Il ne dit pas un mot, se leva lentement, s'approcha de moi, et me mena dans la pièce voisine.
Je ne savais pas si c'était Hubbard, je me demandais s'il allait m'auditer, ou autre chose. Je le suivis.
Je me retrouvai dans une chambre princière. Cela ne me perturba pas  davantage, car l'audition des staffs se pratiquait souvent dans les chambres à l'Hotel Hollyday Inn.
Il y avait une petite table avec un électromètre préparé; j'ai de nouveau pensé  être auditée.
Sans un mot, il commença à me déshabiller.
Il me répugnait.
Je ne voulais pas coucher avec lui. J'étais pourtant terriblement effrayée et glacée jusqu'à l'os.
Je ressentais un danger imminent. Je me rendis immédiatement compte du pouvoir calculé provenant de lui. Je savais que ma punition serait extrème si je résistais.
Il avait le regard vide; pas d'émotion, pas d'interaction, rien.

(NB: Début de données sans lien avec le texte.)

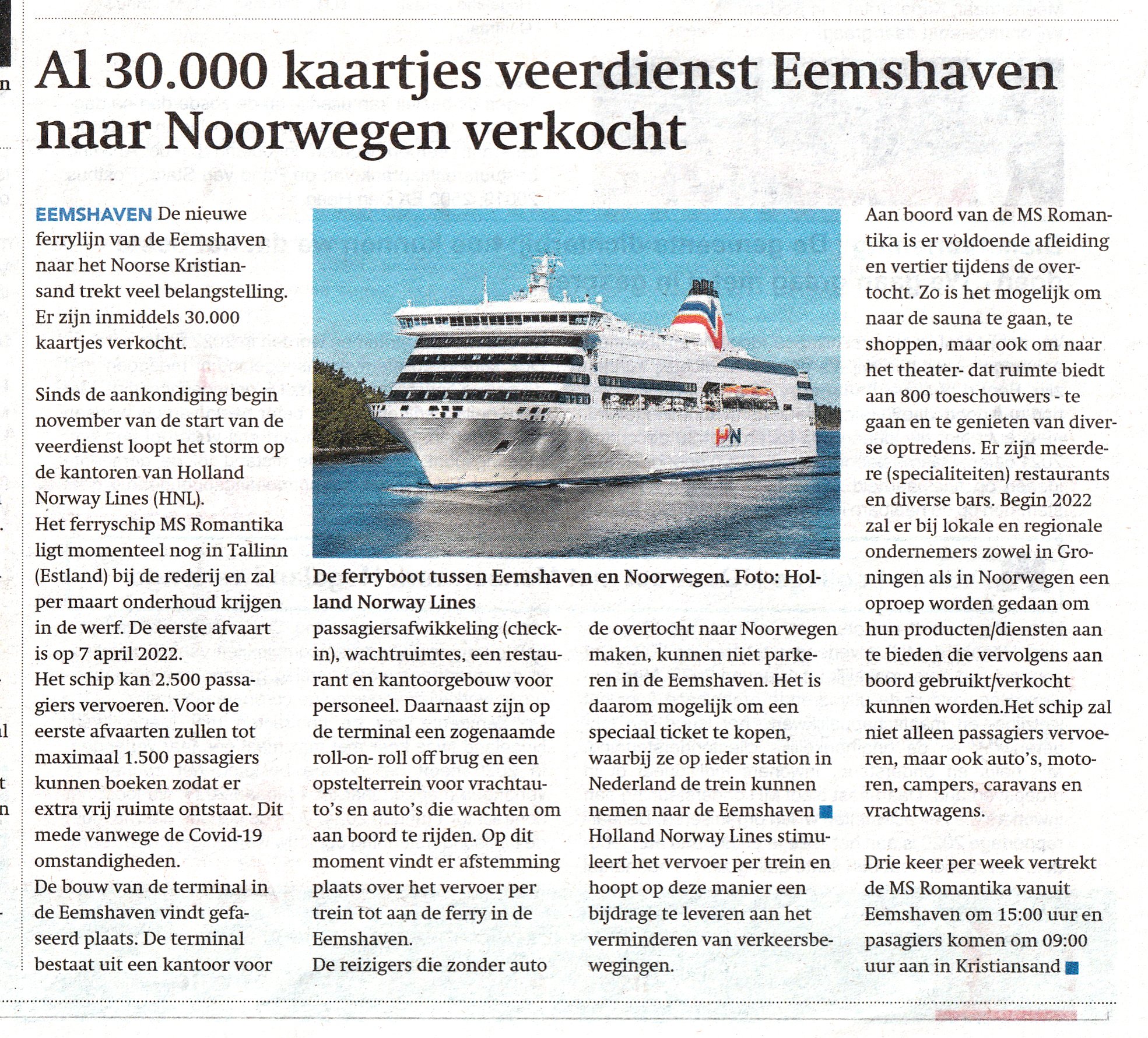 Eemshaven krijgt vaste veerverbinding met Noorwegen

Je pris la décision de ne pas résister quoi qu'il arrive. Il semblait totalement hors du réel. Il avait l' air si étrange que je savais qu'en le provoquant, ce pourrait être très dangereux.
Je l'ai laissé me déshabiller.
Je n'avais aucune idée de ce qui m'attendait ensuite.
Il s'allongea sur moi.
Pour autant que j'en puisse juger, il n'était pas en érection; mais, en s'aidant de la main, il s'arrangea pour me pénétrer de son pénis.
Pendant l'heure qui suivit, il ne fit rien,  rien, absolument rien!
Passées les vingt-cinq premières minutes, j'étais effrayée comme jamais ça ne m'était arrivé. J'avais la sensation qu'il me disait à sa façon perverse à quel point il me haïssait en tant que femelle. J'ai commencé à penser que mon esprit m'était arraché de force.
Ce fut le pire. Je croyais qu'il "convoitait" quelque aspect de ma personnalité, qu'il voulait se l'approprier. C'était bizarre, ce contrôle absolu, à un niveau que je pouvais alors concevoir.
Au bout d'une demi-heure, j'ai commencé à penser qu'il était fou. Je ne pouvais bouger mon corps écrasé sous le sien, et je savais qu'il n'avait toujours pas d'érection.
Il ne me regardait pas; il avait la tête de côté, le regard dans le vague.
Il me fallut me discipliner pour ne pas hurler, je sentais venir la crise de nerfs.
Puis j'eus l'impression d'être morte. Il respirait à peine - je crus qu'il allait me tuer. Mes pensées virèrent au morbide.
Une heure après, il se releva, et sortit.
Je restai là une dizaine de minutes; m'habillai mécaniquement.
Immédiatement après, j'ai commencé à pleurer hystériquement. J'ai pleuré, pleuré, pleuré.
Je n'avais pas peur d'être engrossée. J'avais peur de ce qu'il avait eu en tête.
Finalement, je n'ai plus pu pleurer; je suis descendue et repartie en bus à l'ASHO.
Je n'en ai parlé à personne.

[plus loin dans le texte, cette jeune fille fut une nouvelle fois violée par un officier supérieur de la secte].